The rose which she had dropped in her struggles lay at Robin's feet and one of the vines reached out to touch it. The flower instantly began to sprout and grow, joining with the other green vines from the Hugh-shrub as the dark red budding blossoms appeared at the end of several of the new thorn-covered vines.

One of the buds came up to Robin's face, slowly brushing the ends of its silky petals over her parted lips. Robin quivered at the soft touch which seemed much like a kiss while the bud's sweet fragrance filled her head with an intoxicating dizziness. She breathed in deeply, the nipples on her breasts turning hard and aroused under her sweater as a irresistible warmth began to grow between her legs.

Other rose-vines rose up and caught their thorns on Robin's sweater and her pantyhose.

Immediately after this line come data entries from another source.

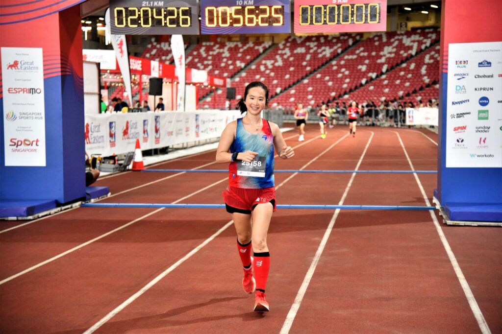 The most challenging part of the run was the last 1.5 kilometre running into the Sports hub. The finish line was inside the stadium but the last stretch felt like it was never-ending. At least there were a lot of photographers and cheerleaders along this stretch, comprising of members from local running groups, and this helped to give me the lift that I needed.
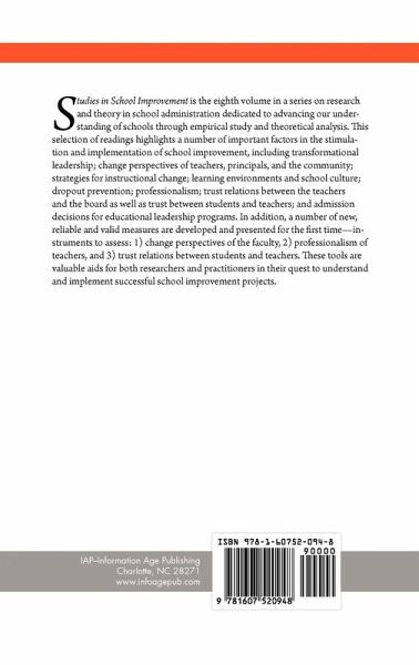 A volume in Research and Theory in Educational Administration Series Editors: Wayne K. Hoy, The Ohio State University and Michael DiPaola, The College of William and Mary Studies in School Improvement is the eighth volume in a series on research and theory in school administration dedicated to advancing our understanding of schools through empirical study and theoretical analysis. This selection of readings highlights a number of important factors in the stimulation and implementation of school improvement, including transformational leadership; change perspectives of teachers, principals, and the community; strategies for instructional change; learning environments and school culture; dropout prevention; professionalism; trust relations between the teachers and the board as well as trust between students and teachers; and admission decisions for educational leadership programs. In addition, a number of new, reliable and valid measures are developed and presented for the first time-instruments to assess: 1) change perspectives of the faculty, 2) professionalism of teachers, and 3) trust relations between students and teachers. These tools are valuable aids for both researchers and practitioners in their quest to understand and implement successful school improvement projects.
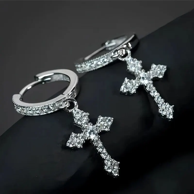 Classic Cross Point-Drill Crystal Replaceable Exquisite White Color Earrings For Women Men Hiphop Party Jewelry Gifts
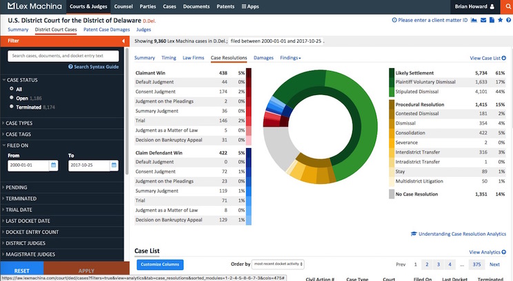 Legal analytics offer tremendous insights to uncover trends that bolster litigation strategy as well. For in-house counsel, tools like Lex Machina™ can help companies select the best law firm to handle a matter by comparing case timing statistics, such as success in winning previous cases, damages won or lost, and injunctive relief. Outside counsel can similarly demonstrate their success quantitatively, for example showing a potential client how they surpass the client's current counsel in key metrics. Litigators can learn about a judge's behavior (e.g., prior experience with similar cases, timing and amenability of motions practice, and damages history), or even the behavior of a district as a whole, which can be invaluable for evaluating whether to seek transfer. Lex Machina and other similar services allow lawyers to explore the litigation history of the opposing counsel or parties along similar metrics. For example, one might react differently to a firm that has filed more than 50 cases, all of which have settled within months, than one might to a firm that has taken multiple cases to trial and won. Understanding the data behind the litigation landscape improves the ability of companies to select and budget counsel, and of firms to win cases.
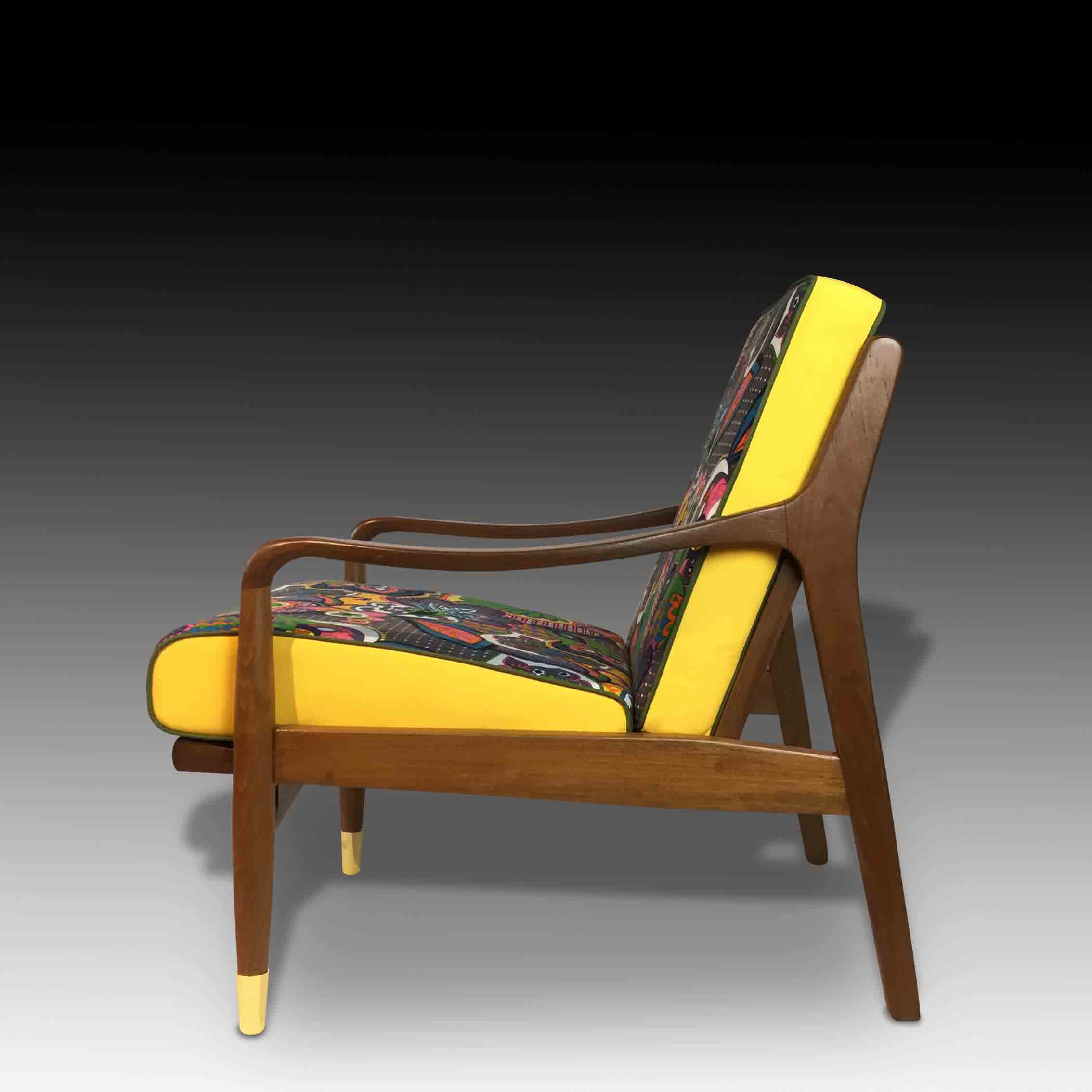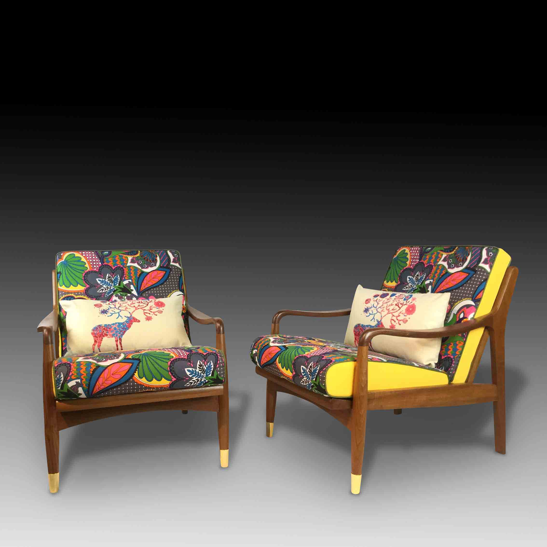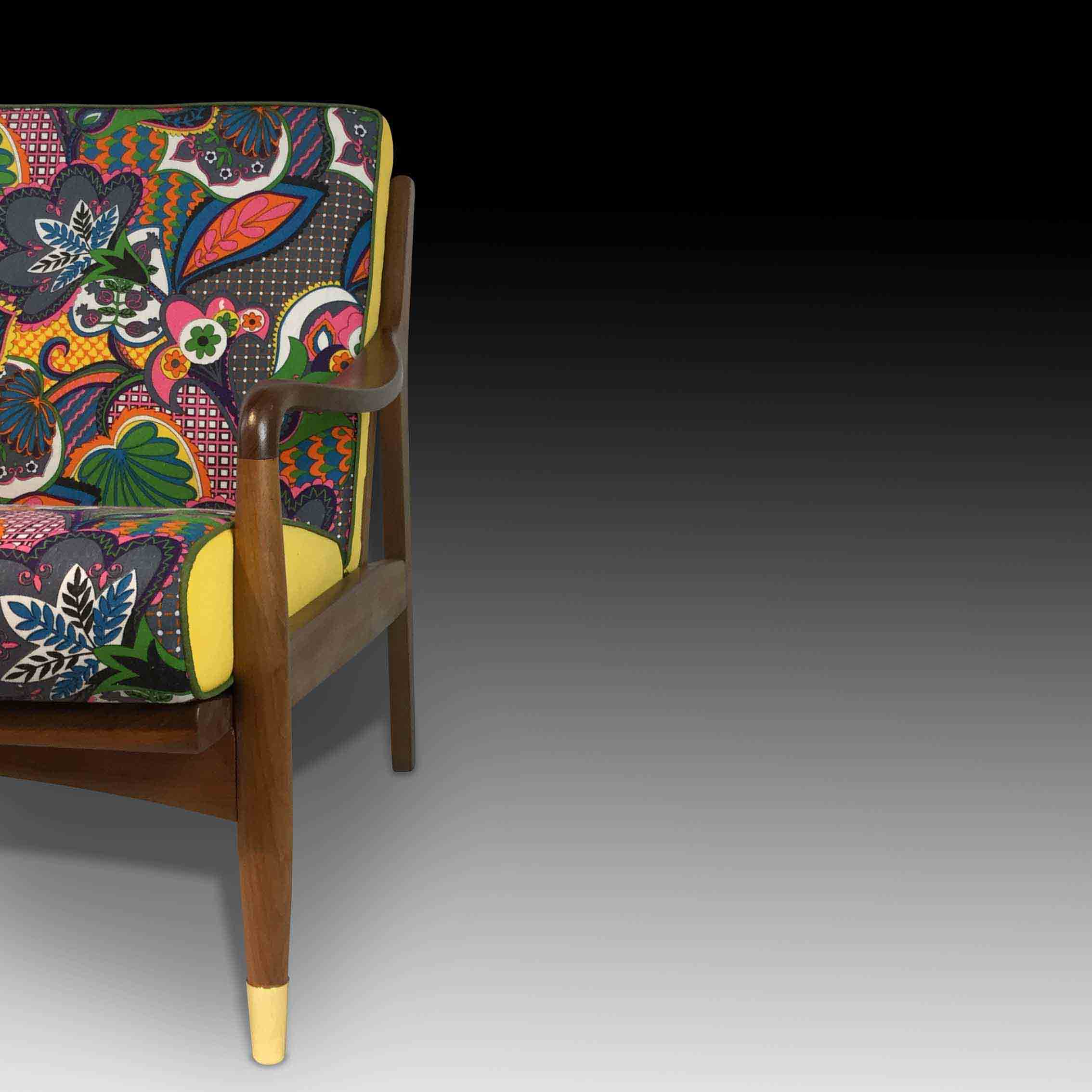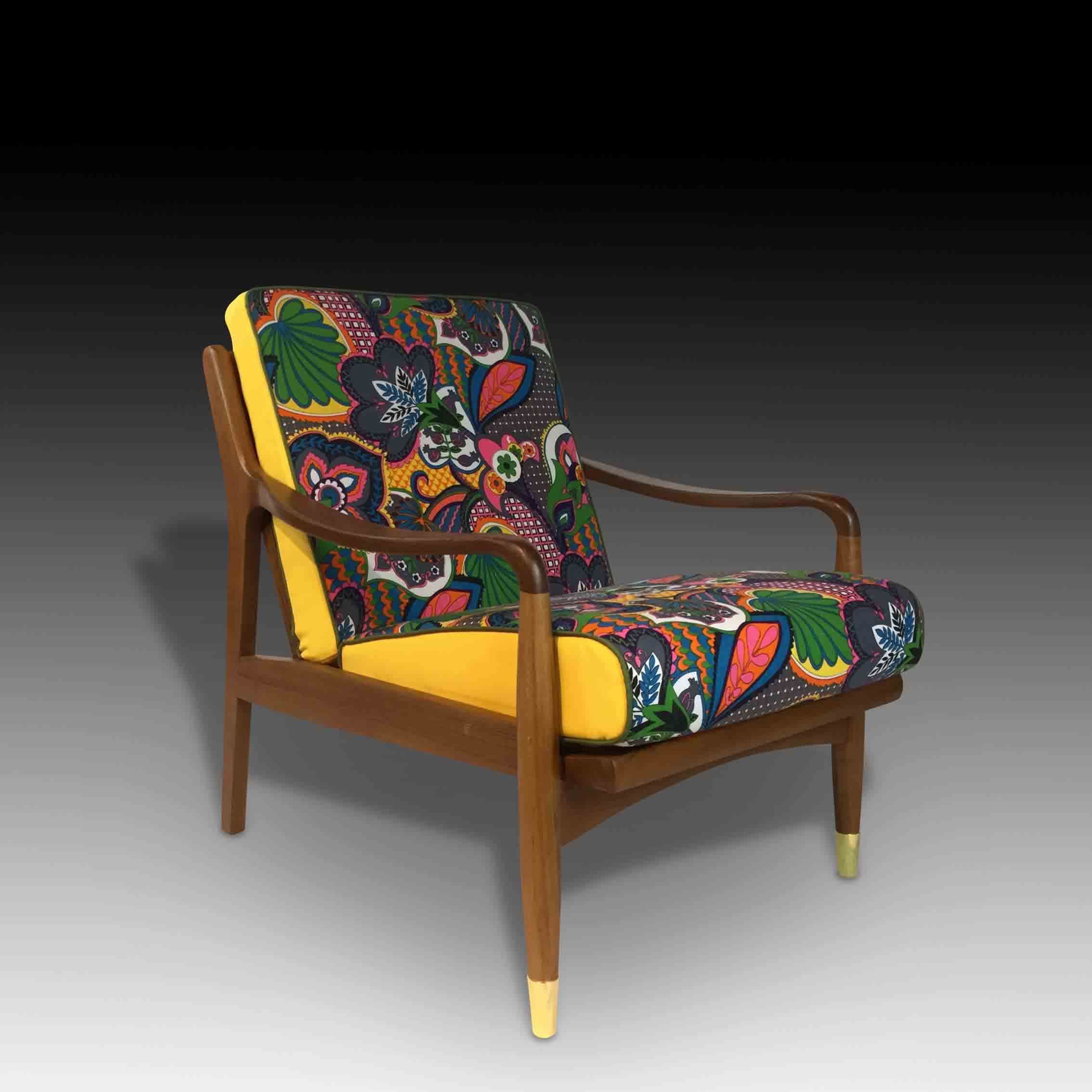 The Batik Armchair is a modern, Southeast Asian take on retro furniture design. Taking the blocky silhouette popular in the 70s, we have combined it with our specially designed retro-style fabric upholstery inspired by the beautiful batik prints in the Southeast Asian region. Combined with the sleek pencil legs with gold capping, the Batik Armchair is a beautiful and charming combination of the traditional and the modern, of Western and Asian styles, to create a unique furniture piece for your home.
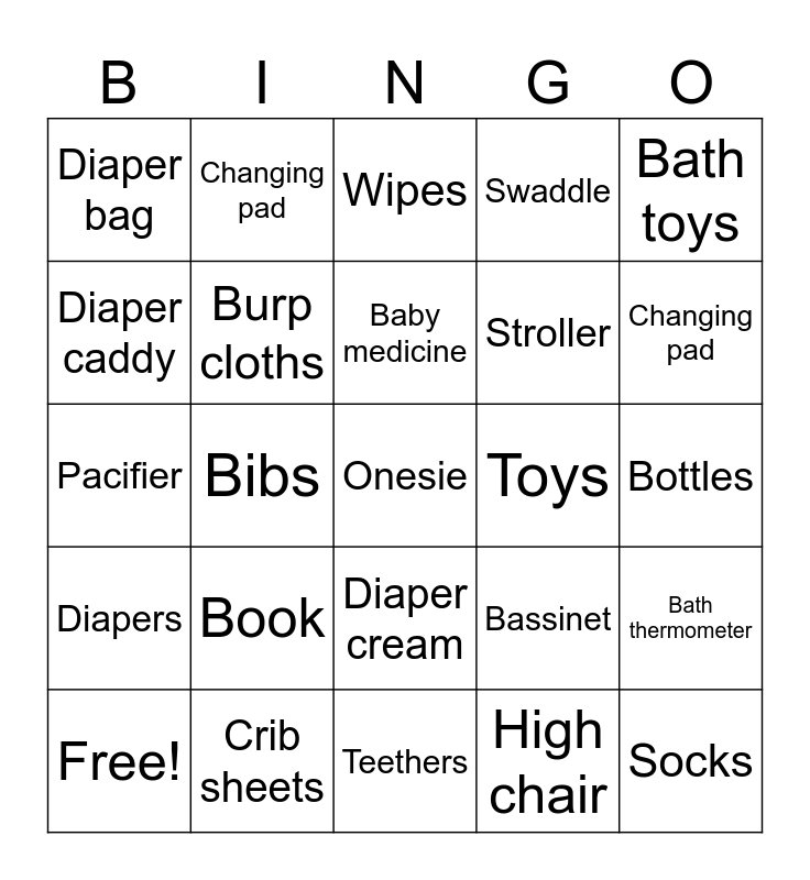 This bingo card has 29 words: Free!, Diaper genie, Bibs, Socks, Diaper bag, Wipes, Burp cloths, Book, Toys, Crib sheets, Bottles, Onesie, Teethers, High chair, Changing pad, Sound machine, Diaper cream, Diapers, Bath toys, Pacifier, Bassinet, Swaddle, Stroller, Diaper caddy, Swaddle, Changing pad, Bath thermometer, Baby medicine and Baby lotion.

They slowly pulled down, tearing her clothing and stockings away with a slow ripping that did not so much as scratch an inch of her skin.

"Hey, you're going to pay for those!" Robin complained as the thorns tore away her clothes but the vines ignored her and ripped right through the front clasp of her bra. Her breasts popped free into the night air, making her very conscious of their fullness and state of arousal. Then two of the budding rose blossoms came up and lightly ran themselves over her pointed nipples, playfully teasing her pointed tips.